Includes Aextoxicaceae, Berberidopsidaceae.

Synonymy: Berberidopsidanae Thorne & Reveal

AEXTOXICACEAE Engler & Gilg, nom. cons.   Back to Berberidopsidales


Tree; chemistry?; true tracheids +; sclereids +; pith heterogeneous; indumentum of peltate scales; leaves opposite, lamina vernation conduplicate, margins entire; plant dioecious; inflorescence a raceme, (in threes, branching from basal prophylls); flowers (4) 5 (6)-merous, enveloped by bracteoles; K spiral, thin, deciduous, C spiral, broadly clawed; nectary glands reniform, alternating with and internal to A; staminate flowers: stamens = and opposite sepals, filaments relatively stout; G vestigial; carpellate flowers: staminodia +; G 1, stylulus ab?axially curved, apically bilobed; ovules 2/carpel, pendulous, apotropous, micropyle endostomal, outer integument 2-3 cells across, inner integument 5-7 cells across, nucellus massive [ca 13 cells across?], strongly beaked, funicle quite long, obturator +; fruit a dry drupe, 1-seeded; seeds carunculate, ruminate; coat tanniniferous, ca 6 cells across, cell walls thin; endosperm +, ?development, embryo ± transverse, long, curved, cotyledons flattened, cordate-orbicular; n = 16.

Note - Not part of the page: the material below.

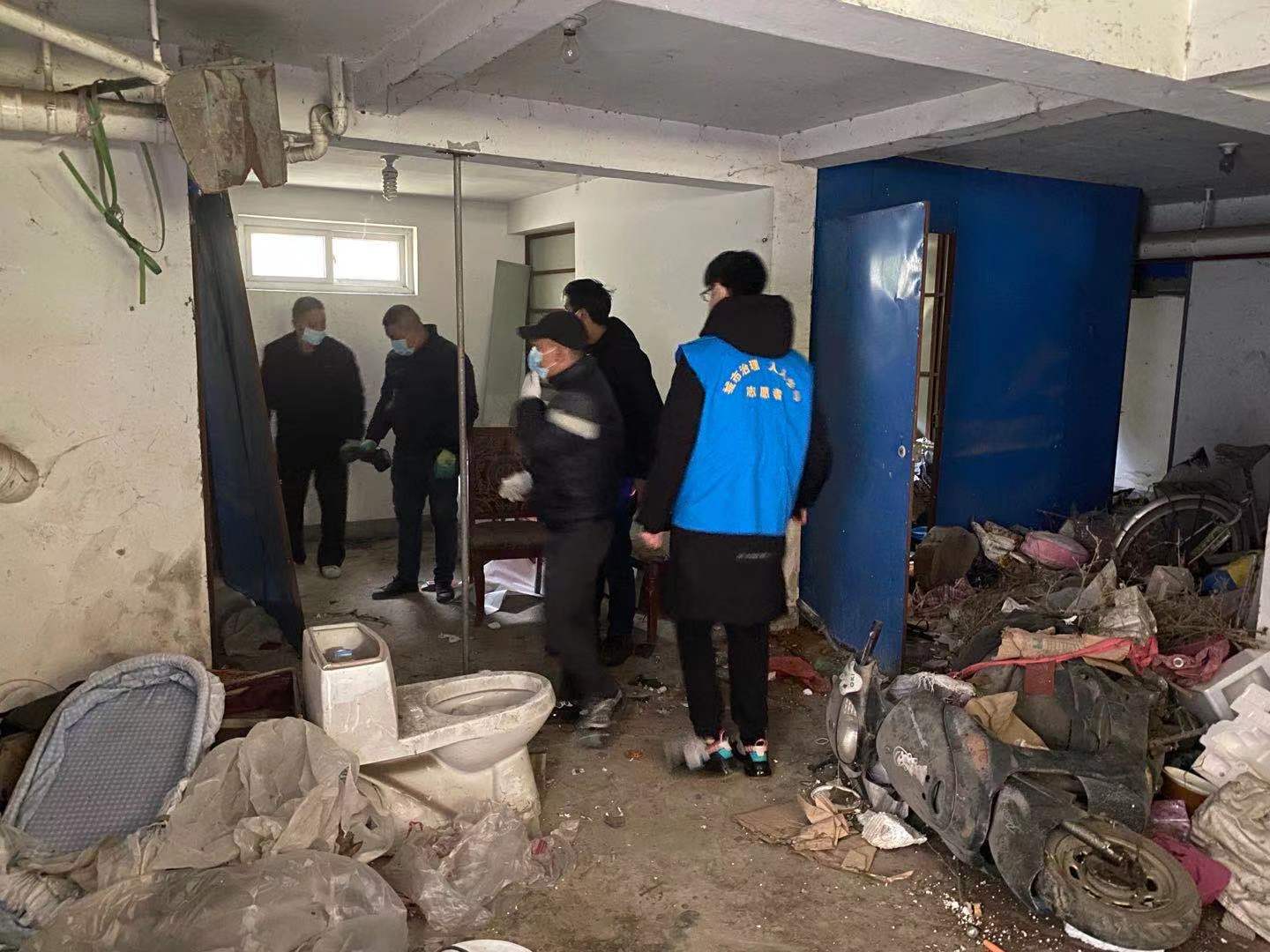 清理時,工作人員先對社區(qū)里每棟樓的地下室進(jìn)行逐一排查,對堆積在地下室的物品和居民丟棄的廢品統(tǒng)一用垃圾車清理干凈,確保樓道地下室無雜物。然后在確保工作環(huán)境安全的情況下對違章搭建的鐵皮墻進(jìn)行一一拆除,最終統(tǒng)一處理干凈。

1[list]/1: Aextoxicon punctatum. C. Chile (map: from Donoso Z. 1994). [Photos - Flower, Flower, Flower, Flower, Fruit, Habit]

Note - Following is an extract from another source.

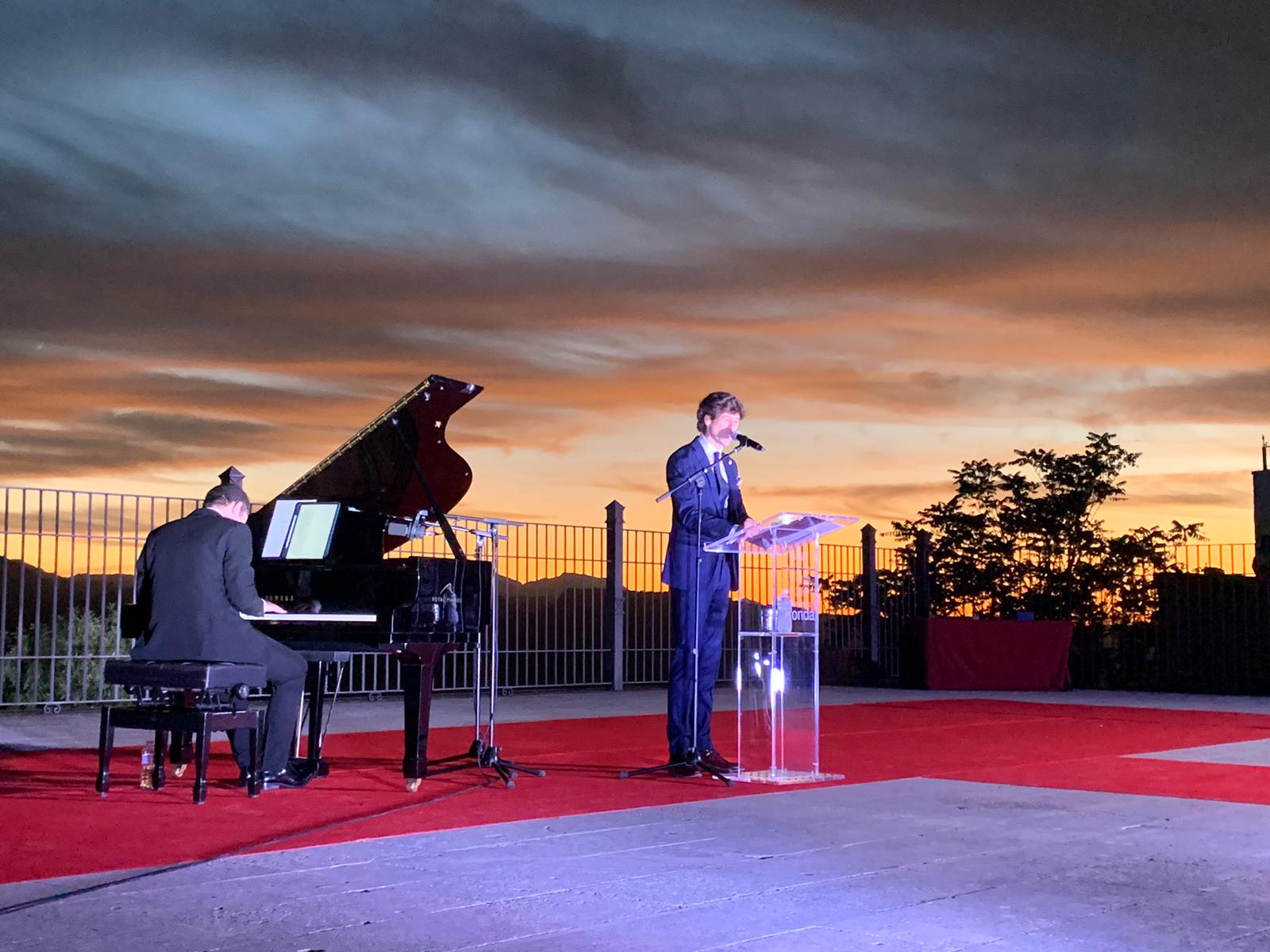 En su discurso, el artista alabó la ciudad del Tajo, así como sus gentes y tradiciones, y por supuesto, la pasión con la que viven las fiestas que este año se celebrarán del 29 de agosto al 3 de septiembre. En este acto, celebrado en un auditorio Blas Infante lleno hasta la bandera, ha recordado sus poderosos vínculos profesionales y personales con la ciudad, que además le honró, a través del reconocimiento del ‘catite de oro’, que le entregó la peña del mismo nombre el pasado año.

Chemistry, Morphology, etc. Sclereids are found in all vegetative parts of the plant; those of the leaf blade are about half the thickness of the blade in length. The stomata are weakly actinocylic, with 5-7 subsidiary cells. The pith is notably heterogeneous. Although the stigma is bilobed, there is only a single carpel (Ronse DeCraene & Stuppy 2010: a flower with two carpels was once seen). The endocarp appears to split particularly readily along two vertical lines. The embryo is more or less transverse to the long axis of the seed.

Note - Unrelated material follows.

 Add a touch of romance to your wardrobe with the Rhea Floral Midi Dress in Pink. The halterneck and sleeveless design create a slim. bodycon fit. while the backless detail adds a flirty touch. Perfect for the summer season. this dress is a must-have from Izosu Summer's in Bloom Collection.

For some anatomy, see Pax and Hoffmann (1917), for ovule morphology, see Mauritzon (1936a), and for a general account, see Kubitzki (2006b). For fruit and stem anatomy, see Gentry et al. 53436, for leaf anatomy, see Solomon & Solomon 4420.

Previous relationships. Aextoxicaceae have been included in a very heterogeneous Celastrales (Cronquist 1981), placed in Euphorbiales (Takhtajan 1997), or linked with Saxifragales (Qiu et al. 1998).

BERBERIDOPSIDACEAE Takhtajan   Back to Berberidopsidales


Evergreen woody scramblers; isoleucine-derived cyanogenic glycosides +, ellagic acid 0; cork?; fibers non-septate, pits bordered; wood parenchyma vasicentric or apotracheal; (stomata bicyclic); leaves spiral, lamina vernation involute [Berberidopsis], 2ndry veins palmate, margins spiny-toothed or entire; inflorescences terminal; P +, spiral, (9-)12(-15), all except the outer petal-like, or K and C distinct; nectariferous disc +, lobed, (?0); A 6-many, whorled or irregular, filaments short, anthers inserted along connective, connective with apical prolongation; pollen also tricolpate; G [3, 5], placentation parietal, style stout, hollow, stigma punctate to slightly lobed; ovules 2-many/carpel, epi- or pleurotropous, micropyle bi- or endostomal, outer integument ca 4 cells across, inner integument ca 4 cells across; fruit a berry, K deciduous (persistent - Streptothamnus); (seed with chalazal arilloid - Streptothamnus); exotestal cells enlarged, fleshy, (inner mesotestal cells sclereids), endotestal cells crystalliferous, palisade, lignified, (exotegmen weakly developed, fibrous, lignified), endotegmen subpersistent; endosperm copious, ?development, embryo short; n = ?21.

2/3. Chile, E. Australia (map: from Veldkamp 1984). [Photo - Habit, Flower/Fruit.]

Chemistry, Morphology, etc. Leaves of Berberidopsis are weakly involute in bud and are not at all imbricated. Van Heel (1977) emphasized that the ovules of Berberidopsis were borne directly on the carpel wall, not on placentae as in Salicaceae and Achariaceae. In Streptothamnus there is no necariferous disc - or perhaps it is to be found between the stamens and the gynoecium.

Some information is taken from Miller (1975: anatomy), van Heel (1979, 1984: seed, pollen), Baas (1984: anatomy), Jaroszewski et al. (1998: cyanogenic glycosides), Takhtajan (1992: seed), and Kubitzki (2006b: general).

Previous Relationships. Berberidopsidaceae were included in Flacourtiaceae by Cronquist (1981) and in Violales by Takhtajan (1997) because of their parietal placentation.